- **Task requirements**
A verbatim transcript of the data below is required, images omitted.

- **Exercise data**
--- START ---

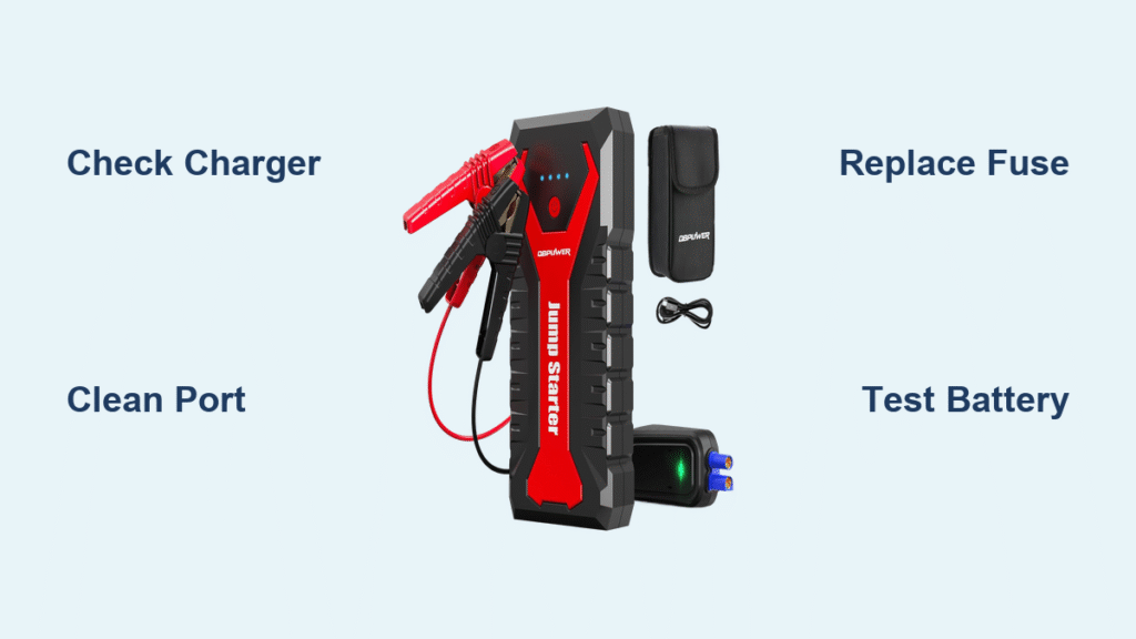 Your DBPOWER jump starter sits useless in the trunk while your car battery emits that familiar click-click-click. You press the
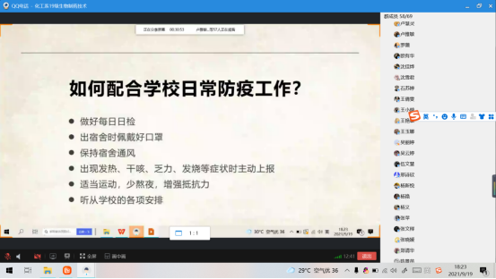 辅导员赖老师以学生违规违纪案例为例,引导同学们遵纪守法,倡导同学们应当树立守法意识,争做一个合格公民。违反纪律和违反法律只有一步之遥,提醒同学们不要出现不良行为,要树立正确的现代法制观念。最后,赖老师针对疫情防控的要求,提醒同学们要配合好学校的日常防疫工作,加强自我管理和自我防护。
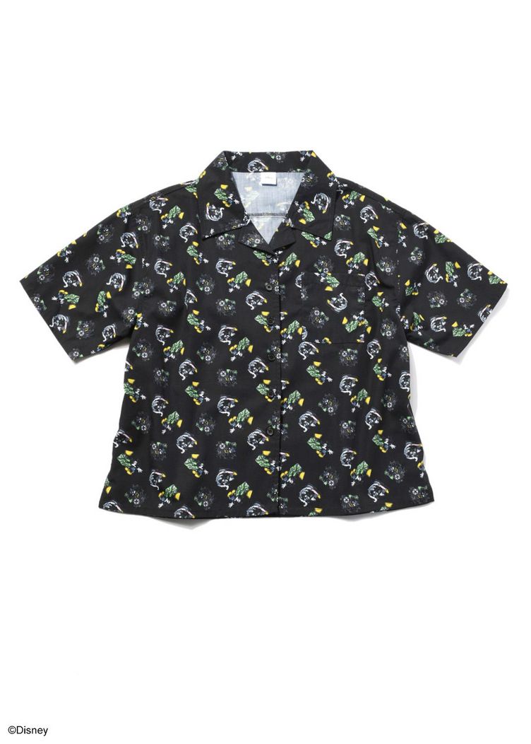 ミッキーデザインは、シックなブラックのアロハシャツ。

--- END ---

- **Written response**
 Your DBPOWER jump starter sits useless in the trunk while your car battery emits that familiar click-click-click. You press the
 辅导员赖老师以学生违规违纪案例为例,引导同学们遵纪守法,倡导同学们应当树立守法意识,争做一个合格公民。违反纪律和违反法律只有一步之遥,提醒同学们不要出现不良行为,要树立正确的现代法制观念。最后,赖老师针对疫情防控的要求,提醒同学们要配合好学校的日常防疫工作,加强自我管理和自我防护。
 ミッキーデザインは、シックなブラックのアロハシャツ。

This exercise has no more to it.